Data shown:
'''
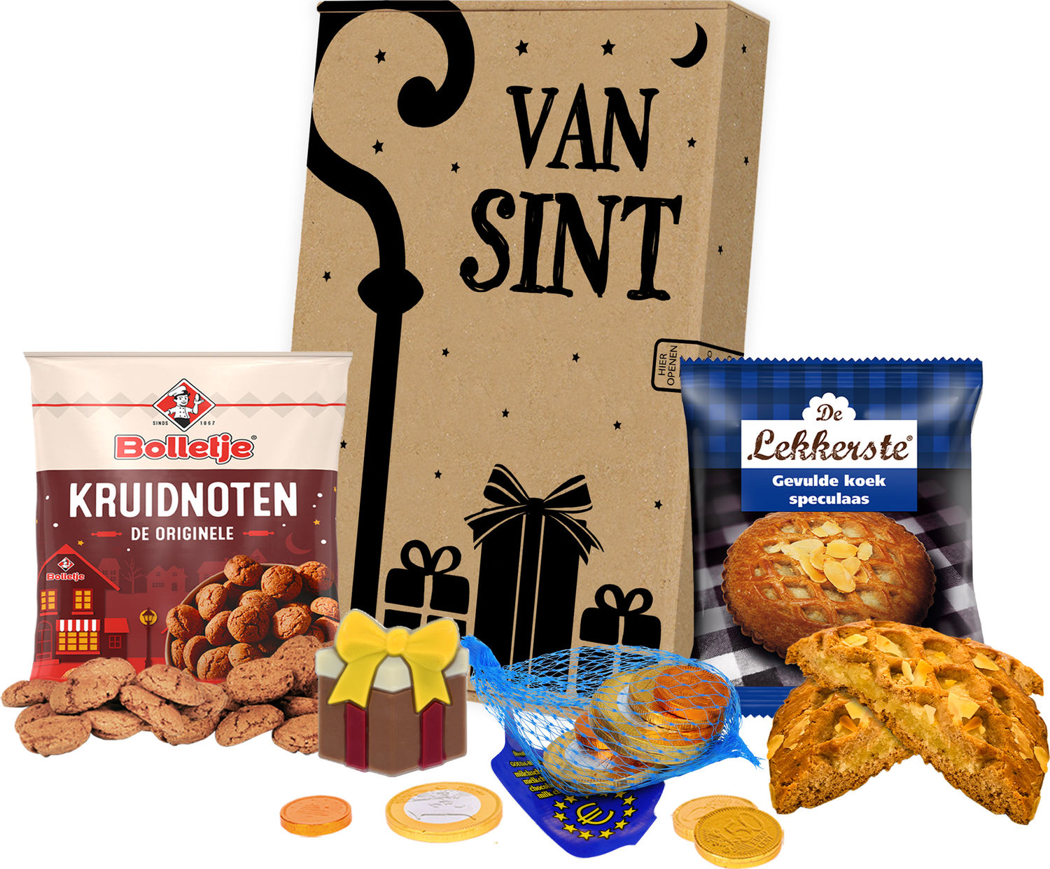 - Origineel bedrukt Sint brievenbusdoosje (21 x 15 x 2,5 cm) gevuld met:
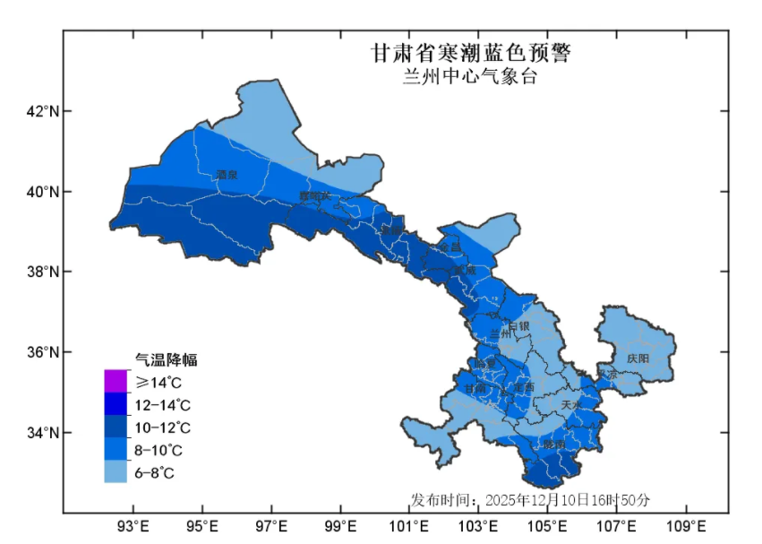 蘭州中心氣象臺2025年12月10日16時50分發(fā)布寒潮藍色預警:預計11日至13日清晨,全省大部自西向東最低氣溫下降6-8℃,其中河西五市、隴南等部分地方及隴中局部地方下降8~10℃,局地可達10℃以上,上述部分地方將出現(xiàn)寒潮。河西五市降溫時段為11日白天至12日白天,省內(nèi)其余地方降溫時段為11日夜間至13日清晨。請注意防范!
'''
'''
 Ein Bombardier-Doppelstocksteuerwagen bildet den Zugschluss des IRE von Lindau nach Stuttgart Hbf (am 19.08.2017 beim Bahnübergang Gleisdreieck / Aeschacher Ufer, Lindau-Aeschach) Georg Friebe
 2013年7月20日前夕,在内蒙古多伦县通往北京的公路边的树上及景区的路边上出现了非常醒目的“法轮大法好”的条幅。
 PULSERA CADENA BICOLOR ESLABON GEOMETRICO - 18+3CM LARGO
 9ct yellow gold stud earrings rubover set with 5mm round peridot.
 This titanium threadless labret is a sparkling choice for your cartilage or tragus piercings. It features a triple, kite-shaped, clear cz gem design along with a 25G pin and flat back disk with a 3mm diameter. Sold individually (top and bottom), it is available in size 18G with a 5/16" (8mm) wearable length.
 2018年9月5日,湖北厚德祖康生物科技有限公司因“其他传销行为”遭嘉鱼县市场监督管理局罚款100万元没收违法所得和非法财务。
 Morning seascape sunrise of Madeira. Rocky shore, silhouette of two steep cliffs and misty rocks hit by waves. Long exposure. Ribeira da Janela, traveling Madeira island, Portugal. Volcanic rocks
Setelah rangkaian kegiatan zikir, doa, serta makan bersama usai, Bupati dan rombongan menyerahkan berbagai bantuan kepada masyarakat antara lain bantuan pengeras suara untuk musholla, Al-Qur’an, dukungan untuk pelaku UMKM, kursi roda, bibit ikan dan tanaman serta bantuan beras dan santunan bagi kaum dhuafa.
'''
'''
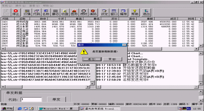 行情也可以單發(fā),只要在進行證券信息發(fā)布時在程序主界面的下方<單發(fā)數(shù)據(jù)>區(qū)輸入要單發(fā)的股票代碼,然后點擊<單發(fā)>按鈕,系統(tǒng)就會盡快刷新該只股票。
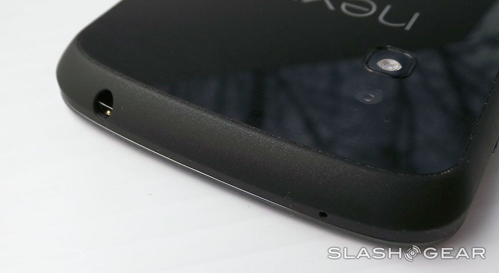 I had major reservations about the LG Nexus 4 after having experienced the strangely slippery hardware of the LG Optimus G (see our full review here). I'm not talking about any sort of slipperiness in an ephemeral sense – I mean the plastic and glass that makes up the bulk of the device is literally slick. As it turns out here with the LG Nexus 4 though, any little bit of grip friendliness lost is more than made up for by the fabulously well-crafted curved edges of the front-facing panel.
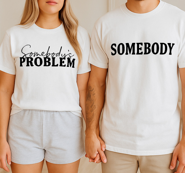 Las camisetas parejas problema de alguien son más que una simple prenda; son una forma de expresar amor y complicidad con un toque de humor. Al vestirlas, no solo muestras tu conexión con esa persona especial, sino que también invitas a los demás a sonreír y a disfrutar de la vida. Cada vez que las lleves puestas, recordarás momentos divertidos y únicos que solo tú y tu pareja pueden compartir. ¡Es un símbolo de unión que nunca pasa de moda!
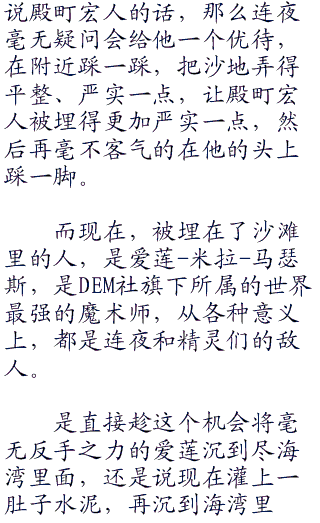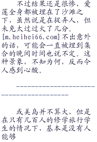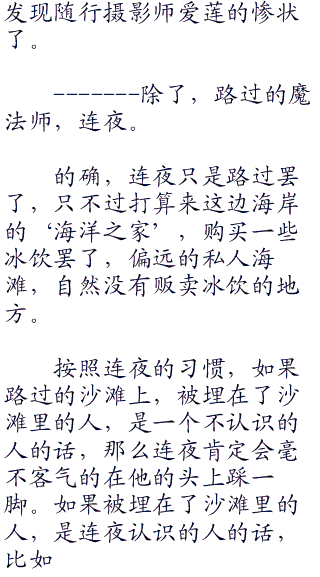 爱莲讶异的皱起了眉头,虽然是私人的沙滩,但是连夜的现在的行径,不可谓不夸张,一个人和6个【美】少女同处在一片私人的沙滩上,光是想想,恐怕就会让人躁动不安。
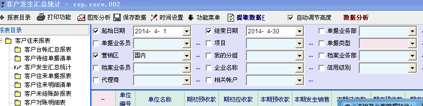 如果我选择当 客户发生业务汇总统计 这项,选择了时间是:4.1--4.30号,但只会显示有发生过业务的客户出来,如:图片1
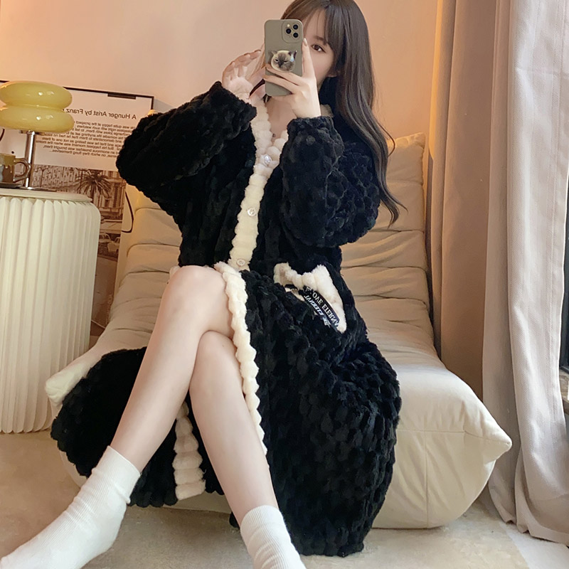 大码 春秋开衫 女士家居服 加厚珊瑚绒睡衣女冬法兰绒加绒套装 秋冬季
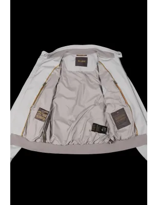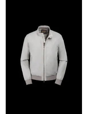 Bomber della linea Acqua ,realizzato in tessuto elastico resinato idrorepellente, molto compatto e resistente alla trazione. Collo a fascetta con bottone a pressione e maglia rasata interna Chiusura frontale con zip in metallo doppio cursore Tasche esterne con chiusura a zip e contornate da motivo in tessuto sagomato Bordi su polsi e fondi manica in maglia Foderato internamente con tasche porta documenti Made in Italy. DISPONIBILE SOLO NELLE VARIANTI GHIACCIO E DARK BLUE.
'''
Task requirements: Write down exactly the span of lines above from the one containing "2018年9月5日,湖北厚德" to the one containing "Setelah rangkaian kegiatan", both ends included.

Response:
 2018年9月5日,湖北厚德祖康生物科技有限公司因“其他传销行为”遭嘉鱼县市场监督管理局罚款100万元没收违法所得和非法财务。
 Morning seascape sunrise of Madeira. Rocky shore, silhouette of two steep cliffs and misty rocks hit by waves. Long exposure. Ribeira da Janela, traveling Madeira island, Portugal. Volcanic rocks
Setelah rangkaian kegiatan zikir, doa, serta makan bersama usai, Bupati dan rombongan menyerahkan berbagai bantuan kepada masyarakat antara lain bantuan pengeras suara untuk musholla, Al-Qur’an, dukungan untuk pelaku UMKM, kursi roda, bibit ikan dan tanaman serta bantuan beras dan santunan bagi kaum dhuafa.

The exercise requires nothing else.